Here is the task for the records below: repeat exactly the lines from the one with "使用定时器Q0.0和Q0.1" to the one with "Paul , Minn.", both included, and nothing else.

Dataset excerpts.
==*==

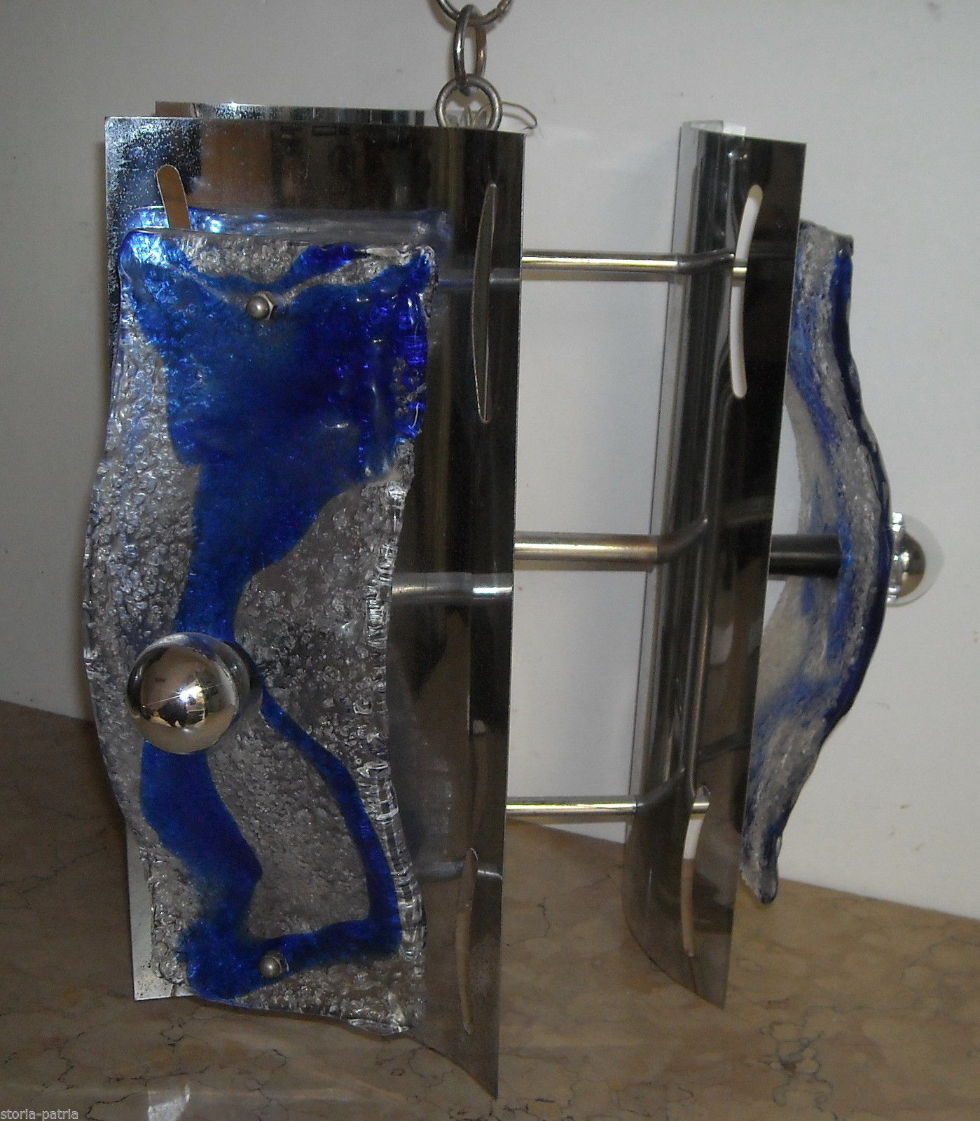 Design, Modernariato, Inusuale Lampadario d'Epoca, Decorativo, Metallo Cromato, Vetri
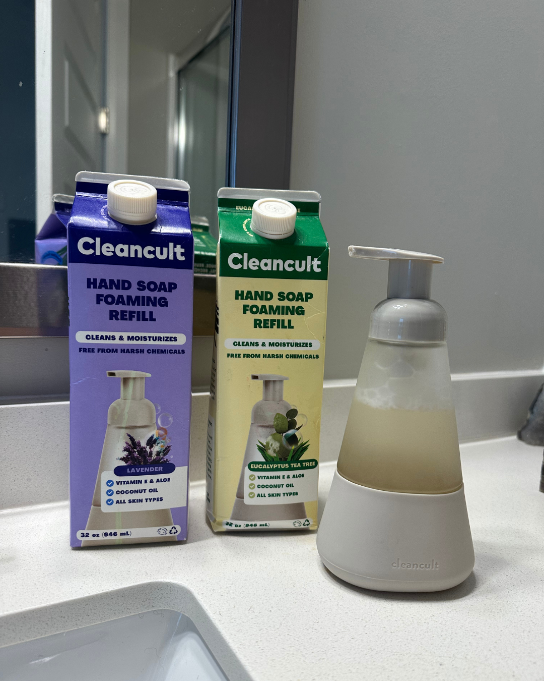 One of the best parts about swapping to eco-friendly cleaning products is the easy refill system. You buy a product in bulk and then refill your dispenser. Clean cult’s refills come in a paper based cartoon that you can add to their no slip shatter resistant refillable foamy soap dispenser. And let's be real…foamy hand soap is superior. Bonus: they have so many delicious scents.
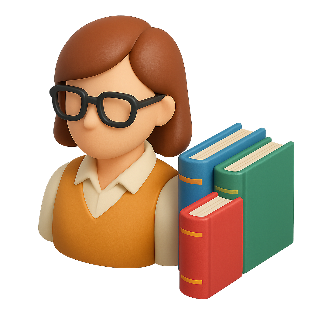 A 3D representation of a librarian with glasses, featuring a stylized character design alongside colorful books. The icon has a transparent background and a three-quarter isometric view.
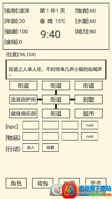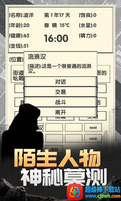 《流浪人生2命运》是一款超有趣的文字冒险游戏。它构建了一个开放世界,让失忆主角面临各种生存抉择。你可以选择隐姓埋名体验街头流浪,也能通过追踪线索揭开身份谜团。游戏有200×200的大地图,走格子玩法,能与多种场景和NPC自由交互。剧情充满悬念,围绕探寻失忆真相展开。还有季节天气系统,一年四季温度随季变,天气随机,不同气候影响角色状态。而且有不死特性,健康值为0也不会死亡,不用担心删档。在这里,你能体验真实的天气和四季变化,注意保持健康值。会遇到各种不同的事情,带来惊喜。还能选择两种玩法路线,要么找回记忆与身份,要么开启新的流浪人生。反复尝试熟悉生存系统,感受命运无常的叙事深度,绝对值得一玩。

==*==

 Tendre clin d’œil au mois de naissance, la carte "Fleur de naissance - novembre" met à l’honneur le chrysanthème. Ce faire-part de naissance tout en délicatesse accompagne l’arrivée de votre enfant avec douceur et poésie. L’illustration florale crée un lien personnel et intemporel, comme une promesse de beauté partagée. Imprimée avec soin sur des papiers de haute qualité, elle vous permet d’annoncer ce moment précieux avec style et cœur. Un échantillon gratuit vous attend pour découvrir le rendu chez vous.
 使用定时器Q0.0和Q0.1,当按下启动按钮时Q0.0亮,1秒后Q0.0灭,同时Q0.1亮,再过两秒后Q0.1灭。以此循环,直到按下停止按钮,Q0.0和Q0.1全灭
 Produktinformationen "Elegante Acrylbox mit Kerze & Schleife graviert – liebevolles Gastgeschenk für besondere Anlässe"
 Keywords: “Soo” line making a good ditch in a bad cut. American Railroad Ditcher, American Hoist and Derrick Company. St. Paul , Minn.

==*==

Answer to the problem.
 使用定时器Q0.0和Q0.1,当按下启动按钮时Q0.0亮,1秒后Q0.0灭,同时Q0.1亮,再过两秒后Q0.1灭。以此循环,直到按下停止按钮,Q0.0和Q0.1全灭
 Produktinformationen "Elegante Acrylbox mit Kerze & Schleife graviert – liebevolles Gastgeschenk für besondere Anlässe"
 Keywords: “Soo” line making a good ditch in a bad cut. American Railroad Ditcher, American Hoist and Derrick Company. St. Paul , Minn.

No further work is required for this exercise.